An adhesion-enhancing surface structure can be produced by different methods. By way of example, negative molds can be produced by lithographic methods, such as electron beam lithography and laser lithography, or by etching methods. In a subsequent casting method, the positive surface with hair-like extensions is then produced starting from the negative mold (for example, see A.K. Geim et al., Nature Mater. 2, 461-463 (2003) and H. Lee, B.P. Lee and P.B. Messersmith, Nature 448, 338341 (2007)).

The adhesion-enhancing surface structure is preferably arranged on an end face of the electrode head of the electrode. A dislodgement of the electrically active areas, which serve to stimulate the adjacent tissue or to detect electrophysiological processes, is effectively prevented as a result. The electrode head is pressed easily against the tissue at the intended position, and the adhesion-enhancing surface structure holds the head in the desired position.

In accordance with a further, preferred variant of the previous embodiment, the electrode head widens in a plate-like manner starting from a distal end of the electrode lead, and the region of the electrode head widened in a plate-like manner can be reversibly folded in the direction of the electrode lead. The electrode head thus has a sort of peripheral lamella, which can be folded in the proximal direction of the electrode lead and can then be laid again in the original position or can reset itself. This can be achieved, for example, in that at least part of the electrode head protruding beyond the cross section of the electrode lead is formed from a material having elastic properties, for example, a polymer. Due to the special shaping of the electrode head, the adhesion-enhancing surface structure and, therefore, potential contact area relative to the adjacent tissue can be enlarged. During the minimally invasive implantation, however, the regions of the electrode head widened in a plate-like manner bear against the electrode lead and are held there for example in a suitable sleeve, such that the cross section remains sufficiently small. Only at the implantation site is the head electrode expanded again, for example by retracting the aforementioned sleeve. The use of an elastic material additionally enables an improved fit of the adhesion-enhancing surface structure to the tissue, which further increases the adhesion forces.
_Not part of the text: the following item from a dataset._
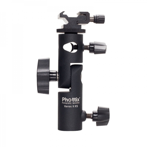 Держатель Phottix Varos XS При помощи данного крепителя можно просто установить и зафиксировать зонт под любым углом. Крепитель Varos II XS имеет крепление холодный башмак, обратимый адаптер с наружной резьбой 1/4” сверху, а также стандартную внутреннюю резьбу нижнего крепления 3/4”, и два центральных вставных крепления со внутренней резьбой 1/4” и 3/8”. Запатентованный крепёж для зонта обеспечивает надёжное и безопасное удержание рукоятки зонта. Серия Phottix Varos II служит идеально для систем беспроводных синхронизаторов работы удалённых вспышек Phottix Odin, Strato II Multi и Ares.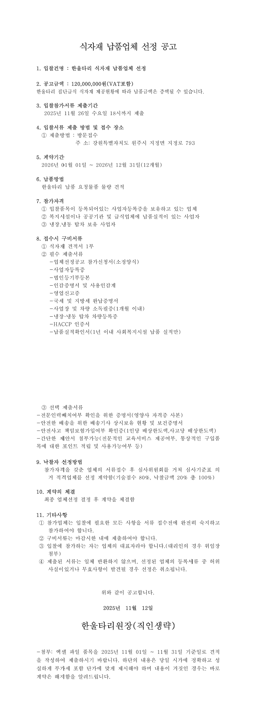 2026년 장애인거주시설 한울타리 식자재 납품 계약 |

In a development of the aforementioned embodiment, spacers are arranged on the end face of the electrode head and protrude beyond the adhesion-enhancing surface structure. In this way, the adhesion-enhancing surface structure can be prevented from coming into contact with the inner face of a sleeve, which holds the folded region of the electrode head widened in a plate-like manner in position as the electrode head is guided to the implantation site. The spacers are thus dimensioned such that the adhesion-enhancing surface structures located on the end face cannot develop any adhesion relative to the inner face of the sleeve.

Alternatively, the adhesion-enhancing surface structure can be designed such that a force acting radially outwardly from the center point of the electrode head counteracts an adhesion of this surface structure to an adjacent surface. In other words, the adhesion-enhancing surface structure can be fashioned such that a sliding along the inner face of the aforementioned sleeve in the distal direction is possible. This can be achieved, by way of example, in such a way that the structure has a multiplicity of rods, of which the ends are bent toward the end face of the head electrode, such that they are inclined toward the middle of the end face. Further possibilities for organizing the bending direction of the rods have already been described previously.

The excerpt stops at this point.